SST 2002

Tutorial Day

Monday 2nd December 2002

Physcis Building, The University of Melbourne

SST-2002

The Ninth Australian International Conference on Speech Science and Technology
2nd-5th December 2002 at the University of Melbourne

To download the Tutorial Day registration form, please click here

Tutorial Presentations

For a PDF version of the Tutorial Day Program, please click here

Stream A Stream B
9.30am - 11.30am Helen Fraser
Representing speech in theory and practice
Richard Cox
Spoken Natural language technology: applications and challenges
12.30pm - 2.30pm Steven Bird
Annotation graphs: theory and applications
Rob Brennan
Real-time speech processing applications
3.00pm - 5.00pm

Marija Tabain
An introduction to electropalatography and electromagnetic articulography

Chris Davis
Audio-Visual speech processing

 


Steven Bird
University of Melbourne

Annotation graphs: theory and applications

Annotated corpora have been a critical component of research in the speech and language sciences for some years. Today, these corpora are being created and deployed for a rapidly expanding set of languages, disciplines and technologies.

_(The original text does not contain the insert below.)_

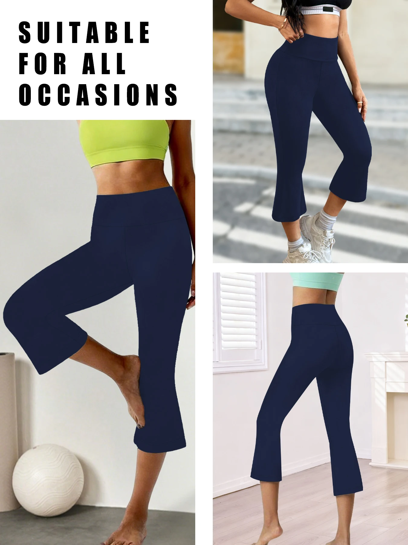 High Waisted Capri Pants For Women,Super soft Tummy Control Flare Leggings,Workout Running Yoga Athletic Leggings
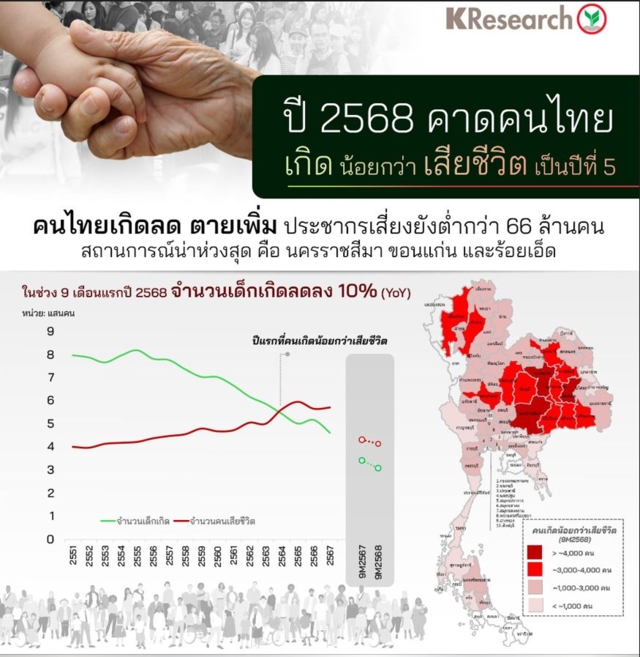 ข้อมูลจากศูนย์วิจัยกสิกรไทย (KResearch) ระบุว่า ในช่วง 9 เดือนแรกของปี 2568 มีเด็กเกิดใหม่เพียง 309,644 คน ลดลง 10% เมื่อเทียบกับปีก่อนหน้า ในขณะที่จำนวนผู้เสียชีวิตยังคงเพิ่มขึ้น ส่งผลให้จำนวนประชากรรวมของไทยอาจต่ำกว่า 66 ล้านคน ภายในสิ้นปีนี้

A wealth of formats and tools have sprung up around this enterprise, many of which are documented on the Linguistic Annotation page: [http://www.ldc.upenn.edu/annotation/].
"Linguistic annotation" is a term which covers any descriptive or analytic notations applied to raw language data. The basic data may be in the form of time functions - audio, video and/or physiological recordings - or it may be textual. The added notations may include transcriptions of all sorts (from phonetic features to discourse structures), part-of-speech and sense tagging, syntactic analysis, "named entity" identification, co-reference annotation, and so on.

This tutorial will focus on a model of linguistic annotation which provides a simple framework for representing and manipulating complex, heterogeneous, multi-layered annotations. The model uses directed acyclic graphs having labels on the edges and time-offsets on the nodes, so-called annotation graphs. The tutorial will cover the formalism, the software infrastructure, and practical applications. Participants will learn about the steps involved in building their own special-purpose annotation tools.

As we create new language resources, such as annotated corpora and the associated annotation software, there needs to be a standard way to describe them so that they can be found and re-used by others. The tutorial will cover a new framework for sharing language resources, the Open Language Archives Community [http://www.language-archives.org/].

Topics:

TOP


Richard V. Cox
AT&T Labs - Research

Spoken Natural Language Technology, Applications and Challenges

It is 2002 and no one yet speaks to a HAL 9000-like computer in the same ways that the astronauts did in 2001 - a Space Odyssey. Significant progress has been made in many areas. We are beginning to see the first spoken natural language interfaces for commercial products and services. These interfaces can be purely spoken, e.g. for telephony, or can be multimodal, e.g. for computers or handheld devices. The goals of this tutorial are:

  1. Provide researchers and developers a perspective of the speech processing technologies that compose voice-enabled and multimodal applications. These technologies include automatic speech recognition, text-to-speech synthesis, natural language understanding, dialogue management, and natural language generation for purely voice-enabled services. For multimodal services, additional technologies include simultaneous spoken and pen-based input (gestures and handwriting recognition) and visual text-to-speech synthesis for output.
  2. Review the applications and services that already exist today, either in commercial deployment or in laboratory prototypes. Primarily, these examples depend heavily on the context of the application or service, thus lessening the complexity of the task by restricting the domain.
  3. Address the technical challenges that must next be overcome. These include improvements in the component technologies such as greater robustness in speech recognition and greater naturalness in text-to-speech synthesis, and also include challenges in how to scale the expertise needed to build hundreds and thousands of spoken natural language interfaces for a multitude of businesses.
  4. Provide a vision of what will be possible in the next five years The tutorial will include audio and video examples and demonstrations to illustrate the current state of the art.

TOP


Helen Fraser
Senior Lecturer in Linguistics, University of New England, Australia

Representing Speech in Theory and Practice

In this tutorial we will look at the question of how best to represent speech, whether 'externally', in transcription, orthography, diagrams or verbal descriptions, or 'internally', in models of perception and production.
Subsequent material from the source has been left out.